September 13, 2004

Fun With Numbers! Pt 2.

More "Fun with Numbers." Featuring the always-riveting marriage of politics and math.

Taxes
Average Tax Break for bottom 60% of earners under administration's tax plan:
$350
Average Tax Break for top 1% of earners:
$96,634
Source:Citizens for Tax Justice.

Health Care
Number of people who have become uninsured since Bush took office:
3.8 million
Number of people who gained insurance under Clinton administration:
2.3 million
Source: U.S. Census Bureau
In the same period, family health-care premiums have risen by more than $2,700 a year. The average cost for a family plan is now above $9,000. A total of 43 million Americans are now uninsured.
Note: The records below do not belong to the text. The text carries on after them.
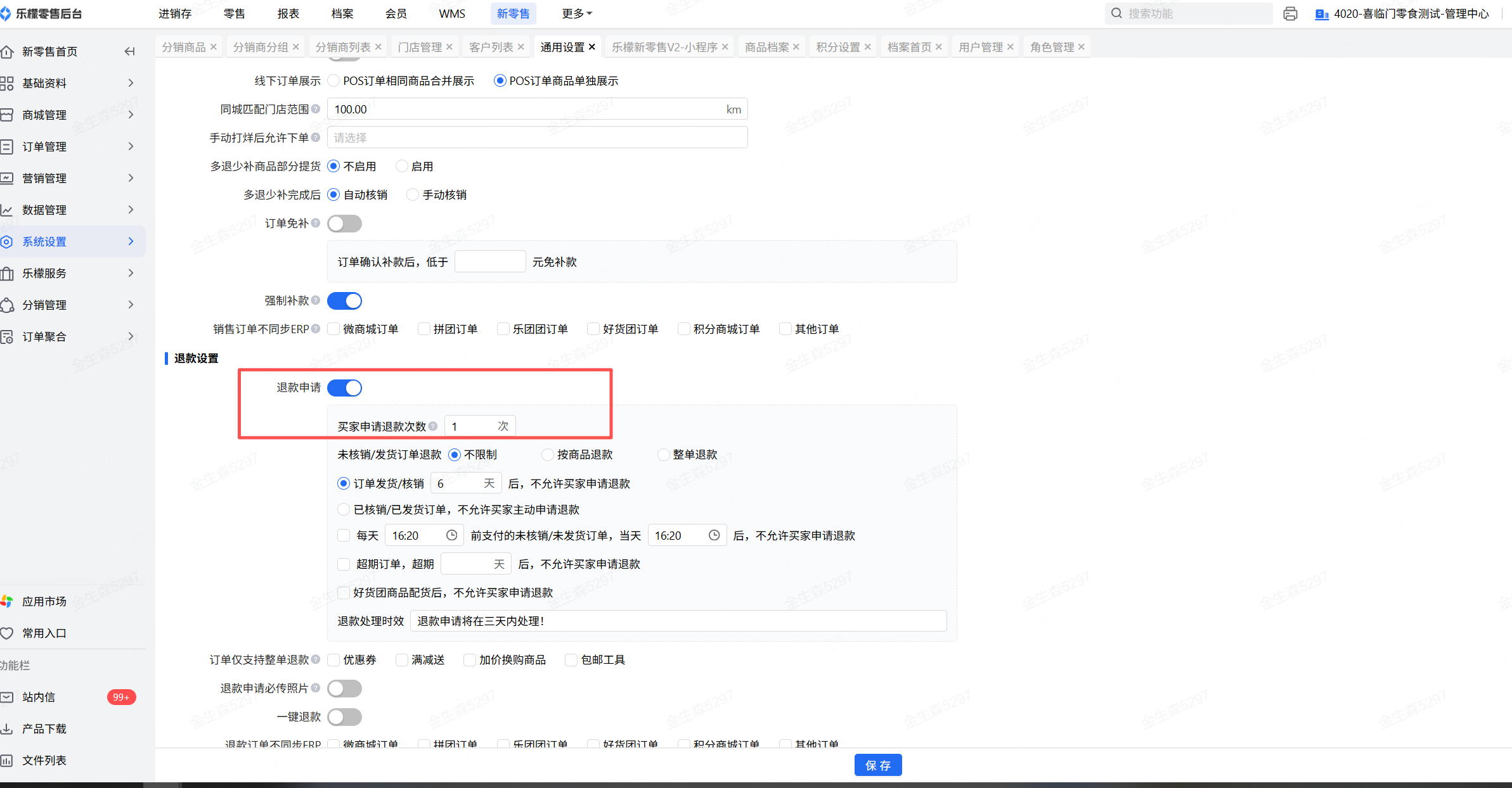 👉【操作路径】:·系统设置-通用设置-买家申请退款次数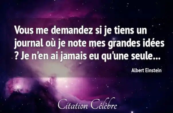 Vous me demandez si je tiens un journal où je note mes grandes idées ? Je n'en ai jamais eu qu'une seule...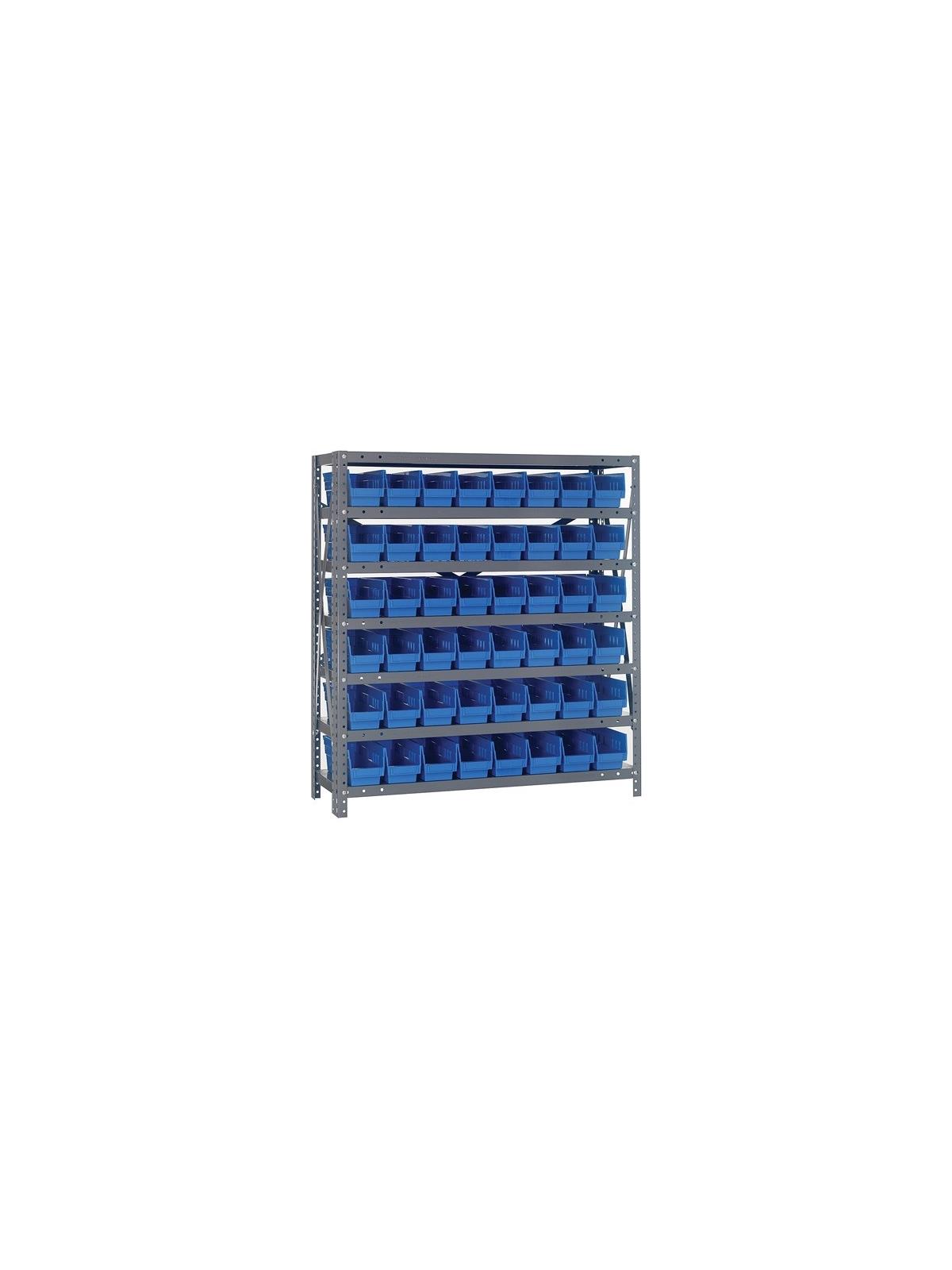 Rugged 350 lb. capacity per shelf, standard shelving unit will keep parts organized and readily accessible. Gray enamel finish will not rust or corrode. 12-HQSB100, 8-HQSB101, 5-HQSB102, 4-HQSB107, 3-HQSB109 fit across a standard 36"W x 12"D shelf. 8-HQSB103, 5-HQSB104, 4-HQSB108, 3-HQSB110 fit across a 36"W x 18"D shelf. Bins are available in Blue, Yellow, Red, Green, Ivory or Black. FOB Shipping Point.

Number of retirees who will lose employer-paid drug coverage due to new Medicare bill:
2.7 million
Number of retirees whose employer-paid drug coverage will be cut by the new Medicare bill:
9 million
Number of Medicaid recipients forced to enroll in Medicare drug benefit, resulting in higher cost sharing and no coverage for some drugs:
6.4 million
Source: Center for Economic and Policy Research.

Manufacturing Jobs:
Manufacturing Jobs lost in 2003:
582,000
Manufacturing jobs eliminated since 1997:
3.3 million
Source: Bureau of Labor Statistics.

Software Industry:
Number of jobs lost in software-producing industries from 2000 to 2004:
128,000
Number of jobs gained in India in software-producing industries from 1999 to 2003:
150,000
Source: Center on Budget and Policy Priorities.

Trade Deficit:
U.S. trade deficit in 1999:
$271 billion
U.S. trade deficit in 2003:
$549 billion
Source: U.S. Department of Commerce.

Education:
Amount Administration has underfunded its own No Child Left Behind Act since it was passed in 2001:
$26.4 Billion

Opinion:
  A commenter on the previous posting questioned the inclusion of CEO pay as a relevant statistic, and I admit that by itself it does seem to be something of a red herring. My intention at the time was to relate it to several other things, in particular the statistics on tax breaks, job creation (or lack therof), and average worker pay. I realize I am engaging in editorializing by using CEOs as a shorthand for the very richest people. Sue me. (This is a figure of speech. Please do not sue me.)

I believe it to be relevant because I think it refutes the claim that tax breaks for the highest earners stimulate job creation, the "rising tide lifts all boats" philosophy, variously termed supply-side or trickledown economics when it was previously employed during the Reagan-Bush years. If this were the case, one would expect the upward trend in CEO pay and the general growth in the holdings of the very wealthiest Americans to parallel similar gains in employment and worker pay. But this seems to be the opposite of the trends we actually see.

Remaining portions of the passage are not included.